For those out of the loop, Greig and Mangan play a British couple — Beverly and Sean Lincoln — who are brought to the U.S. to recreate a new version of their hit sitcom. Much to their chagrin, the show is completely revamped and dumbed down with the sole purpose of making it a star-vehicle for LeBlanc. The beauty of the first season was how it capitalized on making LeBlanc a caricature of himself, which is what the former Friends star said drew him to the part.

Unfortunately, many of the flawed traits that made the character likable last season made him almost unbearable the second time around. I suspended belief enough to rationalize that LeBlanc was selfish enough to sleep with Beverly, which obviously created a huge ripple in her marriage to Sean; but the writers simply went for shock value when they had him sleep with the blind wife of his boss (played nicely by John Pankow) as well as a female stalker for which he had previously taken out a restraining order.

Simply put, neither plot worked, and all it did was derail what was one of the funniest shows on television. And it’s not like the writers don’t know how ridiculous the show had become, because they actually parodied it with the example I cited above. Also, in response to LeBlanc’s reckless sexcapades, one character says, “A stalker and his boss’s blind wife … that guy will stick it anywhere.”

All that said, Episodes still has some funny moments, and it is far from unsalvageable.

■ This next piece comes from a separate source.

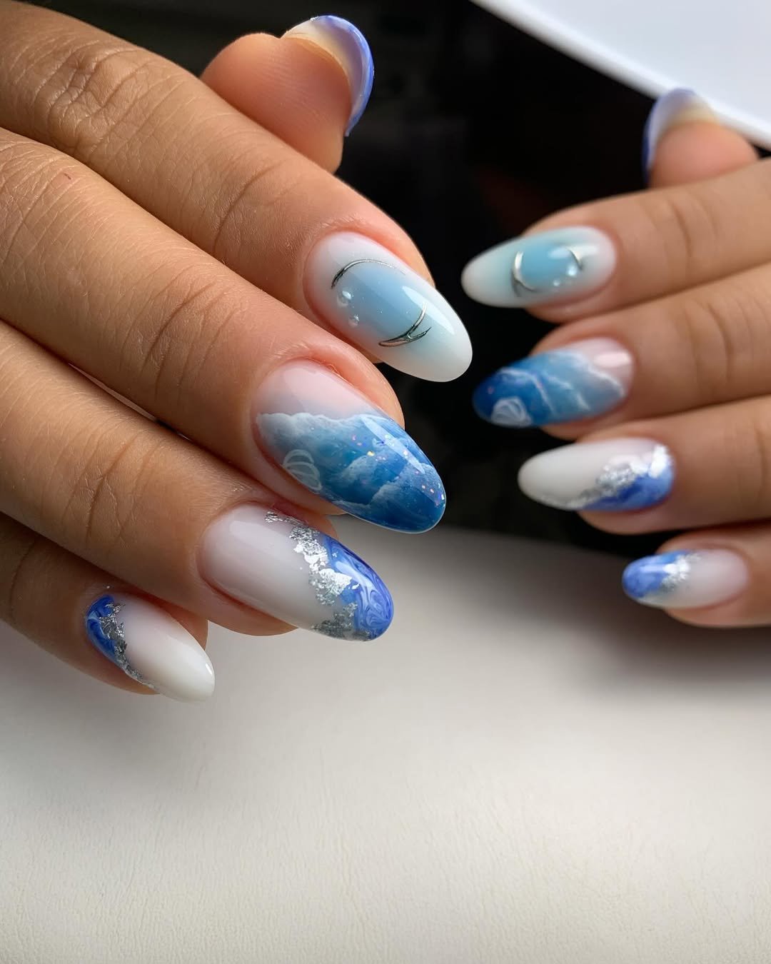 Soft milky whites fade into inky blues, with delicate silver foil tracing the edges like sea foam catching the tide. The marbled effect feels fluid and calming, almost like watching waves roll in.

It just needs to know how to expose the warts of its characters without making them unlikable. It’s one thing to create some tension between Sean and Beverly, but it’s something entirely different when we find ourselves not pulling for either one. How can we feel sorry for Beverly when she chose to have an affair with LeBlanc? And how can we empathize with Sean when he retaliated by sleeping with an actress on the show he is writing with his wife?

Showtime needs to go back to the drawing board with this one and embrace what drew in fans like me in the first place. Dysfunction can be very funny in a sitcom, but dysfunctional characters tend to get old very quickly. We were offered a ray of sunlight in the season 2 finale when Beverly and Sean appeared to reconcile and LeBlanc was embarrassed publicly when it was exposed that he was sleeping with yet another married woman. Perhaps this is a sign that some changes are on the horizon.

It’s rare that a show has three great performers like Greig, Mangan and LeBlanc, so the writers would be wise to make them more likable. LeBlanc has already won a Golden Globe and Emmy nomination for his role, which will regretful go for naught if the ship isn’t righted quickly. Otherwise, as Pankow’s character said in Sunday’s episode about LeBlanc, he’ll just be remembered as “that fat guy who used to be Joey.”